If the constant term, in binomial expansion of $$\left(2x^r + \frac{1}{x^2}\right)^{10}$$ is 180, then $$r$$ is equal to ___.

The general term in the expansion of $$\left(2x^r + \frac{1}{x^2}\right)^{10}$$ is given by

$$T_{k+1} = \binom{10}{k}\left(2x^r\right)^{10-k}\left(\frac{1}{x^2}\right)^k = \binom{10}{k} \cdot 2^{10-k} \cdot x^{r(10-k) - 2k}$$

For the constant term, the power of $$x$$ must be zero, so we need $$r(10 - k) - 2k = 0$$.

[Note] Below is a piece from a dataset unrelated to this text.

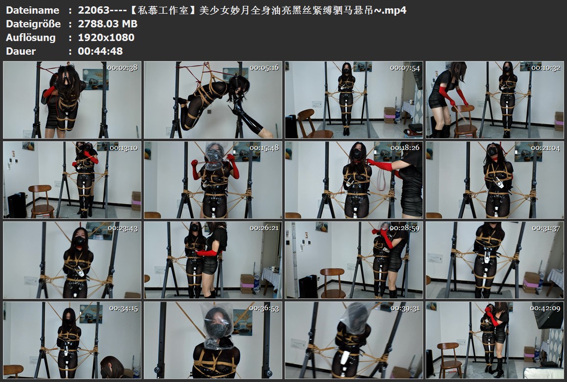 【私慕工作室】美少女妙月全身油亮黑丝紧缚驷马悬吊~ ...
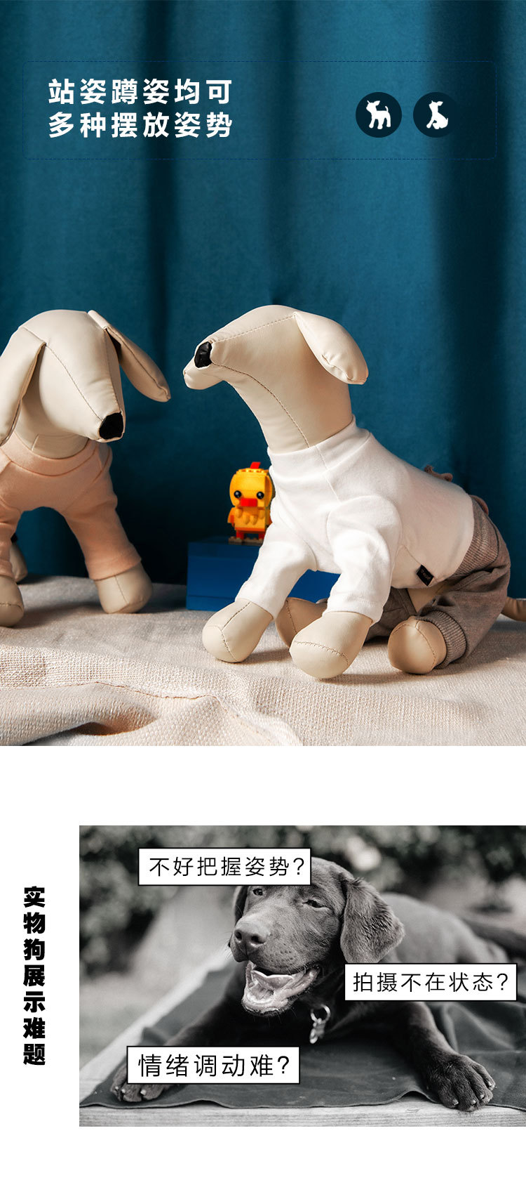 狗服装展示道具狗猫衣服拍照静态假模型软PU狗模特宠物猫模假模特

Solving for $$k$$: $$10r - rk - 2k = 0$$, which gives $$k(r + 2) = 10r$$, so $$k = \frac{10r}{r + 2}$$. $$-(1)$$

Since $$k$$ must be a non-negative integer with $$0 \le k \le 10$$, and the constant term equals 180, we also need $$\binom{10}{k} \cdot 2^{10-k} = 180$$. $$-(2)$$

We test values of $$k$$ in equation $$(2)$$:

For $$k = 8$$: $$\binom{10}{8} \cdot 2^{2} = 45 \times 4 = 180$$. This works.

Substituting $$k = 8$$ into equation $$(1)$$: $$8 = \frac{10r}{r + 2}$$.

Cross-multiplying: $$8(r + 2) = 10r$$, so $$8r + 16 = 10r$$, giving $$2r = 16$$, hence $$r = 8$$.

Therefore, the value of $$r$$ is $$8$$.